Work task →
Count every line in the following listing that contains "über", then report that count with nothing added.

Segment Start: Available data

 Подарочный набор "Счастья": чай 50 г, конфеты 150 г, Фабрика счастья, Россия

Segment End: Available data
Segment Start: Available data

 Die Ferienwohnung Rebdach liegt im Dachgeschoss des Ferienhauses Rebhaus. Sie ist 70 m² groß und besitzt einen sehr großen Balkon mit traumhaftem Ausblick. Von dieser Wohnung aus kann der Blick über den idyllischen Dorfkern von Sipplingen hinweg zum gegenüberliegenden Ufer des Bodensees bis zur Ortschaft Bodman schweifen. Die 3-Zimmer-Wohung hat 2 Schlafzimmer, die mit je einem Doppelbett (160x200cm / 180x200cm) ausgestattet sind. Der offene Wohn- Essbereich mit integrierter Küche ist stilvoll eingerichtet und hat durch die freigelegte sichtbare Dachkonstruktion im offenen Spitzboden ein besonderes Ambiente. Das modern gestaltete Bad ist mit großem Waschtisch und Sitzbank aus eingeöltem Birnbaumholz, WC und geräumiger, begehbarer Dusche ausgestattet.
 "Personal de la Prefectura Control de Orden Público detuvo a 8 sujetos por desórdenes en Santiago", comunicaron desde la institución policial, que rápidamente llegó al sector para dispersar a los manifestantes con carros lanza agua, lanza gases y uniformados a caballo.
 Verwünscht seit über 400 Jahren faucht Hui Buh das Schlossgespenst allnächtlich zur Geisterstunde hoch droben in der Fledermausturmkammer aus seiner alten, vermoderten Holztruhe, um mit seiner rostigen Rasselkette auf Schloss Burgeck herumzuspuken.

Segment End: Available data
Segment Start: Available data

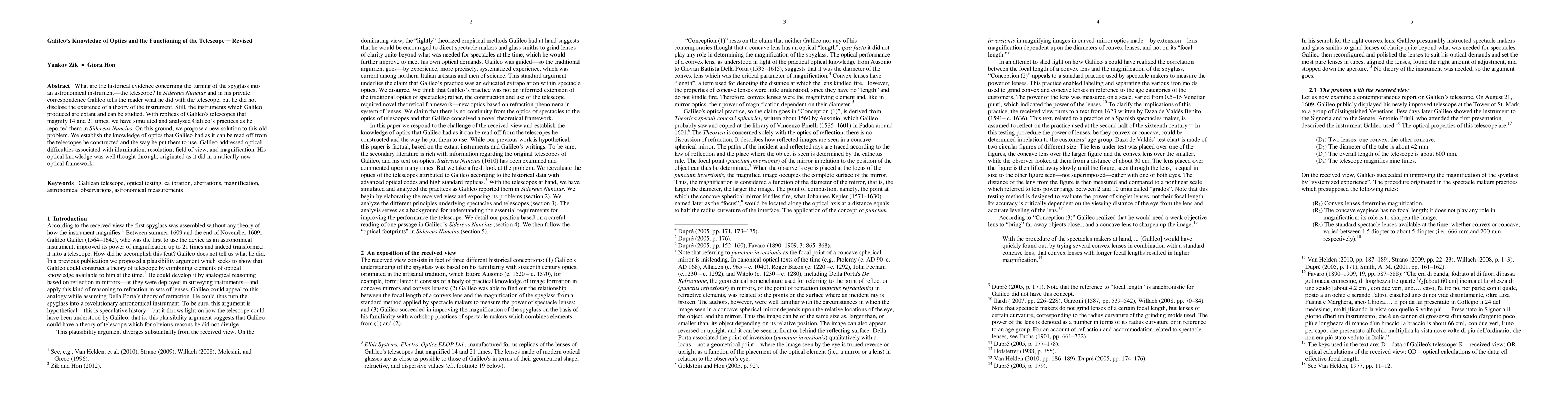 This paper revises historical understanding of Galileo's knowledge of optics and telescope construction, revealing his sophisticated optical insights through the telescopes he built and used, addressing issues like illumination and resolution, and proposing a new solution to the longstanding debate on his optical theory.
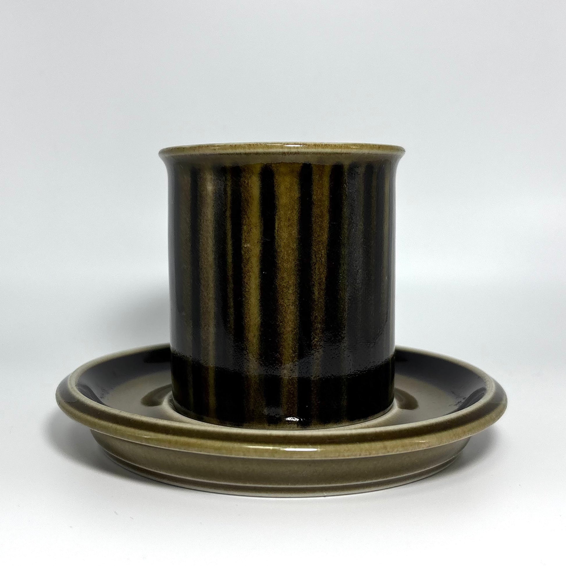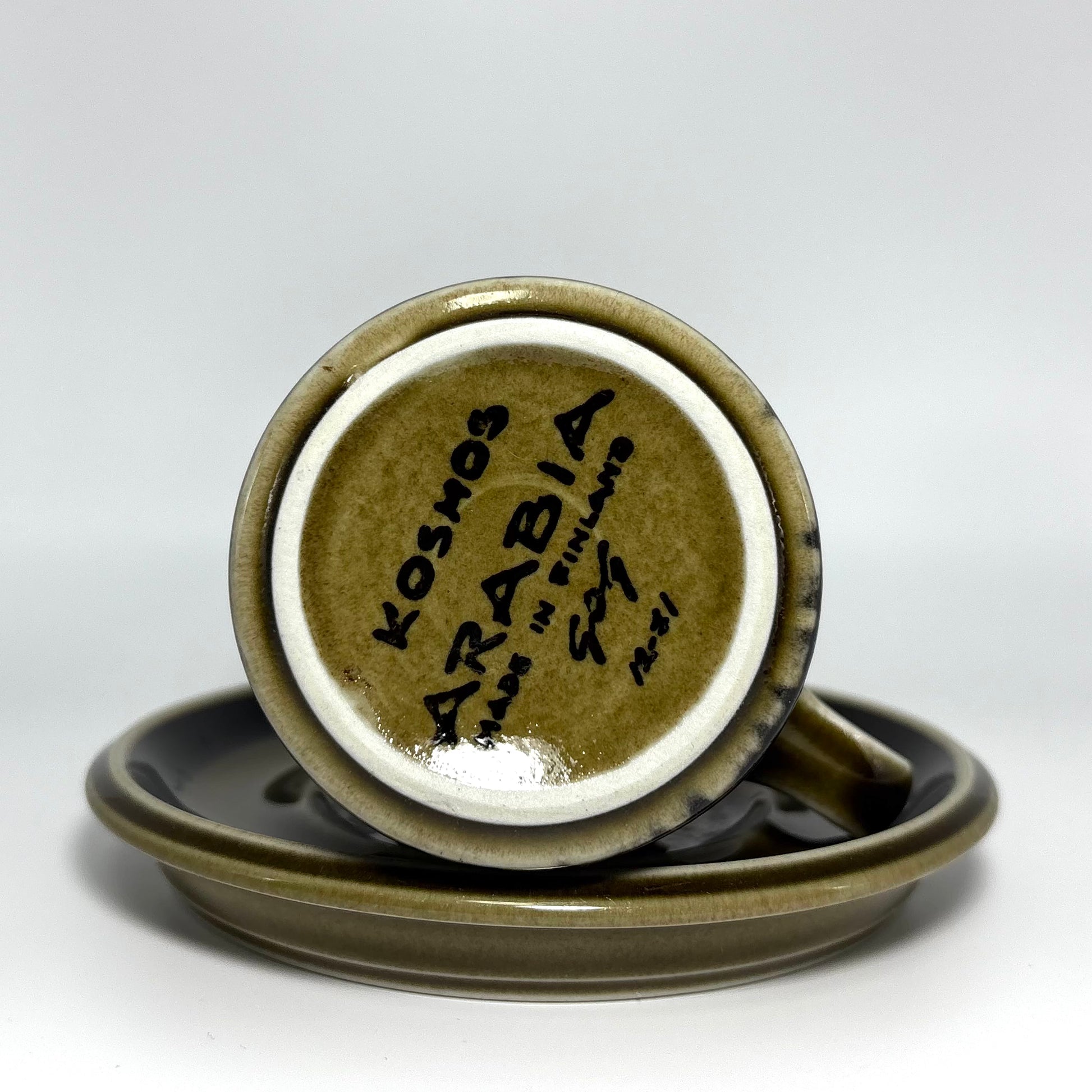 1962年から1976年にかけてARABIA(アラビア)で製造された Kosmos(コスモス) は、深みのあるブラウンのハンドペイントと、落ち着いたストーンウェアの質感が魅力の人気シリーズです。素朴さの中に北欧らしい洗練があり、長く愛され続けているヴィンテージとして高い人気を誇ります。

Segment End: Available data

The answer →
2